--- The task ---
Only the pictures are to be left out; please reproduce everything else in the data exactly.

--- Dataset section ---

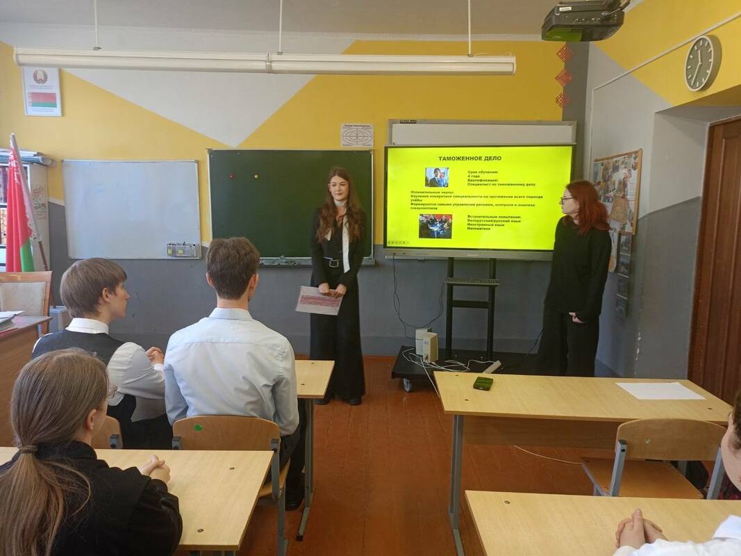 14.04.2026 для учащихся 10-11 классов проведена профориентация, которая помогла старшеклассникам разобраться в многообразии специальностей и востребованных профессий. Мероприятие включало тестирование и встречу с представителями Гродненского государственного университета.
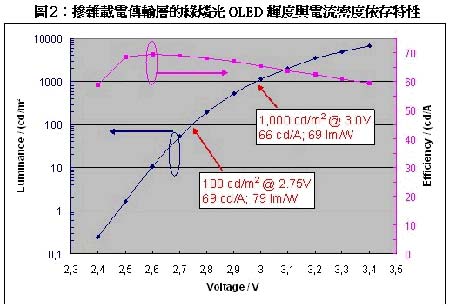 根據實驗結果顯示,65cd/A與80lm/W(在100cd/m2,2.6V)的綠色磷光OLED,經過doping后的載電荷子傳輸層(如下圖所示),它的內部量子效率(quantumefficiency)可以達到接近100%(相較之下Out-coupling系數只有20%),而且可以獲得較佳的亮度,運作電壓更接近熱力極限。
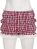 Cyflymder Sweet Plaid Lace Trim Low-Waisted Shorts Slim Patchwork Low-Waisted Shirts Women Summer Fashion Streetwear Ladies

--- Answer box ---
 14.04.2026 для учащихся 10-11 классов проведена профориентация, которая помогла старшеклассникам разобраться в многообразии специальностей и востребованных профессий. Мероприятие включало тестирование и встречу с представителями Гродненского государственного университета.
 根據實驗結果顯示,65cd/A與80lm/W(在100cd/m2,2.6V)的綠色磷光OLED,經過doping后的載電荷子傳輸層(如下圖所示),它的內部量子效率(quantumefficiency)可以達到接近100%(相較之下Out-coupling系數只有20%),而且可以獲得較佳的亮度,運作電壓更接近熱力極限。
 Cyflymder Sweet Plaid Lace Trim Low-Waisted Shorts Slim Patchwork Low-Waisted Shirts Women Summer Fashion Streetwear Ladies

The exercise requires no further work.